Schaechter-Gottesman served as a resource for researchers of both Yiddish folk and art music. She has been recorded and interviewed numerous times and participated in such cultural events as KlezKamp, KlezKanada, Buffalo on the Roof, Ashkenaz Festival, and Weimar KlezmerWochen. "Beyle Schaechter-Gottesman: Song of Autumn", a 72-minute film by Josh Waletsky, was released summer 2007 as part of the League for Yiddish's Series "Worlds Within a World: Conversations with Yiddish Writers". A new collection of her poetry, דער צוויט פֿון טעג ("Der tsvit fun teg", "The Blossom of Days") was released in the autumn of 2007.

Schaechter-Gottesman died November 28, 2013, in her home in the Bronx, aged 93.

==Awards and honors==
In 1998 Schaechter-Gottesman was inducted into the People's Hall of Fame at City Lore in New York.

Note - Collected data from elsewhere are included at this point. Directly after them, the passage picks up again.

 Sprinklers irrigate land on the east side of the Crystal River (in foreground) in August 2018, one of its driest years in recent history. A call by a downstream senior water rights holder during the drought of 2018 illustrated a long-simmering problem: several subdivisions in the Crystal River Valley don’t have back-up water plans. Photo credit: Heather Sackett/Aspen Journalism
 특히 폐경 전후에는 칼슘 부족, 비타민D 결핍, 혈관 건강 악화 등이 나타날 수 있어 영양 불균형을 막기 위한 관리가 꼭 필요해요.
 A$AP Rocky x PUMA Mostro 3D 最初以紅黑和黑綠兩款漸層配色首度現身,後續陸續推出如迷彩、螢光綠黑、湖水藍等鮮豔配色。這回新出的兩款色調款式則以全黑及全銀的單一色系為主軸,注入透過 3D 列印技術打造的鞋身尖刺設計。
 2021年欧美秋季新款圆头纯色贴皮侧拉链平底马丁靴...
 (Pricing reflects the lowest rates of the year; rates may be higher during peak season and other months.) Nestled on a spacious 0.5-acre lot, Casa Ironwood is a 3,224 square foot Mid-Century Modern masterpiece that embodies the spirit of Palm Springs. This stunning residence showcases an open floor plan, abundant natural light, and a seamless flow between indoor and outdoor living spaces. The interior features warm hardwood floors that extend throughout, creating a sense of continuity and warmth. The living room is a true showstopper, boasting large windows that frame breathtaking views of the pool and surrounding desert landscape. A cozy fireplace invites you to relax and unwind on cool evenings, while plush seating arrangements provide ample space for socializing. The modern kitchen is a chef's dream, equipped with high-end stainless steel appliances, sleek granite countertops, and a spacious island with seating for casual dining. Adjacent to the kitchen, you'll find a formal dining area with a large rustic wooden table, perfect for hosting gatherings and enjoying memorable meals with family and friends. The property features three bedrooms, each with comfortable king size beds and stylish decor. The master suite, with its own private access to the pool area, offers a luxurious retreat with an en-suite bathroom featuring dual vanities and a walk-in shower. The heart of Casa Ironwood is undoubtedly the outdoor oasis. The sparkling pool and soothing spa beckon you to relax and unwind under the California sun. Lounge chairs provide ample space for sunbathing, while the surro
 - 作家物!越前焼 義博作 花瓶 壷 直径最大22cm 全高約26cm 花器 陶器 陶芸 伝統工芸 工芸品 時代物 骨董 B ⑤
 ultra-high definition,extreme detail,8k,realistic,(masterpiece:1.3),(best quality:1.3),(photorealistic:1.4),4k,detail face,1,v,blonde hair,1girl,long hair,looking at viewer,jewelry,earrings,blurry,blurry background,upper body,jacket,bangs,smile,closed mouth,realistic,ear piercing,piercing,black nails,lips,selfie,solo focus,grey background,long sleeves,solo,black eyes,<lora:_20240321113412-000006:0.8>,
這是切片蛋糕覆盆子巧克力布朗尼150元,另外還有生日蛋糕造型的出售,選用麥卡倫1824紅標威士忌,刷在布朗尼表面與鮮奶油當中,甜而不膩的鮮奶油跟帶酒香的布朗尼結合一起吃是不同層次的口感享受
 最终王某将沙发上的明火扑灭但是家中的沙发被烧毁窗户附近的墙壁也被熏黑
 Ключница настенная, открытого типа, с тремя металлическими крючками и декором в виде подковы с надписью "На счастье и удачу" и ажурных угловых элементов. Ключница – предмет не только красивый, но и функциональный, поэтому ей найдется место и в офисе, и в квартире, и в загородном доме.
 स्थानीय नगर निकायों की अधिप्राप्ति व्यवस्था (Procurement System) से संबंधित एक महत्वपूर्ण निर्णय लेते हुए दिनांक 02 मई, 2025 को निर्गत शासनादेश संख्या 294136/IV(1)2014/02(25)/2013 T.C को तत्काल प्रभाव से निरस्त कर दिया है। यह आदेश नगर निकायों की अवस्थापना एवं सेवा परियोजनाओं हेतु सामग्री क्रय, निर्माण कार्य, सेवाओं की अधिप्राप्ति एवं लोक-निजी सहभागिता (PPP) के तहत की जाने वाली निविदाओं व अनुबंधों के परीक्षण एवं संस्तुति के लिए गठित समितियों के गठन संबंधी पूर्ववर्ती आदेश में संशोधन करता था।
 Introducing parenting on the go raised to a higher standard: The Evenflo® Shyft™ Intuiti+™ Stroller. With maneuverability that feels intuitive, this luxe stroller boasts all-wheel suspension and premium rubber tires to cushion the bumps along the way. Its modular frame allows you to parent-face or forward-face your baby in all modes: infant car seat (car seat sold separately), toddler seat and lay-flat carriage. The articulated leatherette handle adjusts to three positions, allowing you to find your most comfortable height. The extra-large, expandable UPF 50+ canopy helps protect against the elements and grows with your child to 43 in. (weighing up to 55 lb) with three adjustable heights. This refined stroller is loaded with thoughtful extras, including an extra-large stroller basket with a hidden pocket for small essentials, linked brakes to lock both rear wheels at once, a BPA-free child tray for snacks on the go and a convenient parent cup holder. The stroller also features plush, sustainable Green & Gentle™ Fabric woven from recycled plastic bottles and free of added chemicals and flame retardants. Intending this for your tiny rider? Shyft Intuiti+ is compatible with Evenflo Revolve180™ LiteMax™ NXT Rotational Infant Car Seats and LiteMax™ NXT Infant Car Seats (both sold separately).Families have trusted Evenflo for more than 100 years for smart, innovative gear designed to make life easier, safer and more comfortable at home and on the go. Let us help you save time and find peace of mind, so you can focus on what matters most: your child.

She was a recipient of a 2005 National Heritage Fellowship awarded by the National Endowment for the Arts, which is the United States government's highest honor in the folk and traditional arts. She was the first to receive this honor for work in Yiddish culture.

==Family==
The entire Schaechter-Gottesman family has been productive in the field of Yiddish culture. Her mother, Lifshe Schaechter-Widman, wrote a memoir, "Durkhgelebt a Velt" (A Full Life) in 1973, as well as serving as an informant for folk song researchers with her recording "Az Di Furst Avek" (When You Go Away). Her brother, Mordkhe Schaechter, was the world's leading Yiddish linguist. Her son, Itzik Gottesman, is a scholar of Yiddish folklore. Her niece, Gitl Schaechter-Viswanath is also a Yiddish poet; nephew Binyumen Schaechter is a composer and musical director in Yiddish and English; and niece Rukhl Schaechter is the editor of the Yiddish edition of The Forward. Her granddaughter, Esther Gottesman, teaches children Yiddish and sings on Schaechter-Gottesman's most recent release, "Fli mayn flishlang" (Fly, Fly My Kite).